String Colon String Would Fit The Language

How is called the colon operator?

Logically, using colons for strings as an abstract operation would fit the language. It is clear for ordered lists, like “a”, “b”, “c”, “d” gives “b”:“c” value “b”, “c”; where ordered alphabet leaves open the exact elements of a list, but for any ordered list it is known. If ranges and elements are separated, the list meaning would be known for any array type, but where range=elements, meaning for this list for a subset dimension would be known for any dictionary.

There are many cases where order of list matters, in case of strings - most simple on the operational level would be dictionary pages, where values also have to be cut in the middle, with layout and size of the string, so that strings are combined with numbers; I don’t know whether it is “string”:12:“String”:13; or “string”:“String”, 12:13 or [“string”::n12]:[“String”::n13] (view Review of the Collins COBUILD Advanced Learner’s English Dictionary | Antimoon). Layouts, which could return such data about their elements, should be supported.

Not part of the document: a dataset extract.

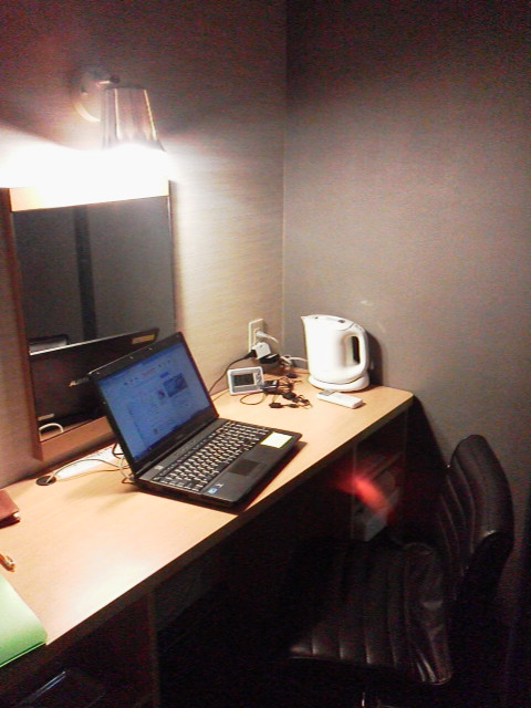 PCも無線ランなので、仕事も問題なく出来ました。但し、部屋の照明が間接なので暗いです…、せめてテーブルライトが有れば有難いのですがね~?。

I wasn’t very serious about all of that, but it shows that having simply an object, which contains two strings and a colon between them, and knows it’s simpler use cases, where you give it to the ordered strings container or container of written numbers (maybe including simple syntax for mathematical formulas, even in abstract space), could lead many common cases to much more clarification.

It is also interesting question, how to order dictionary, which has german and estonian letters mixed? Is it the same “Ü” in German alphabet and the “Ü” in Estonian alphabet or is it not? Is this the same word if German and Spanish words have exactly the same letters?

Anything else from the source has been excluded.